Grace Nguyen, Xiaoya He

Engineering

When a user performs an import or export action in Notion, our application servers add tasks to a task queue to be processed asynchronously. This is one of many examples of how we use a task queue to handle heavy-lift operations. During my 12-week internship, I had the opportunity to build a solution to a pressing Notion infrastructure concern: Our task queue had become difficult to scale and we didn’t know where all the tasks were coming from. To fix these problems, I implemented and deployed to production a queue proxy service, decoupling the queue internals from queue users and achieving full traffic observability.

Task queue architecture and challenges

Notion uses a queue system implemented on top of Redis to manage and execute async and background tasks. At any given time, our queue includes about 100 million tasks with an enqueuing rate of up to 10,000 tasks per second. The majority of enqueued tasks execute business logic for our product or serve as our cronjob processor. Tasks triggered by user actions make up only a quarter of the workload.

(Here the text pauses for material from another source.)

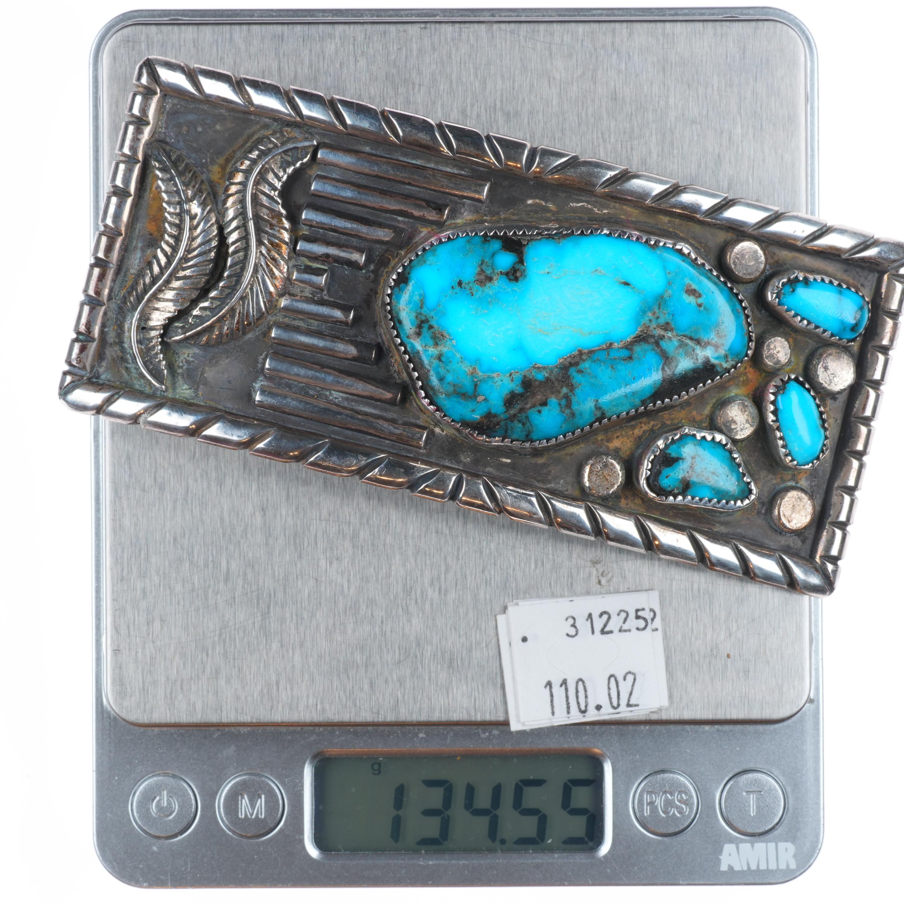 save for Jeff-Large long Vintage Navajo sterling silver belt buckle with nice turquoise

The task queue is a crucial building block for how our users experience the product and some of its heavier operations, but many other systems and services interacted directly with the queue through Redis clients, creating tight coupling and observability blind spots.

Prior to this project, our enqueueing logic was embedded as a client library inside the application code: tasks are enqueued to one of 12 Redis servers using a hash of the tasks’ IDs. This required all of our app’s business logic to have knowledge of all Redis servers and configurations. To enqueue, our app servers directly interacted with the Redis servers to place a task onto the sorted set. There were two major downsides to this:

  1. The code for our product and the Redis clients were tightly coupled, which prevented us from achieving contained blast radius, security control, and deployment flexibility. For example, changes to Redis servers, like swapping hosts or adding capacity, required a redeployment across all services to maintain the connection to those Redis servers.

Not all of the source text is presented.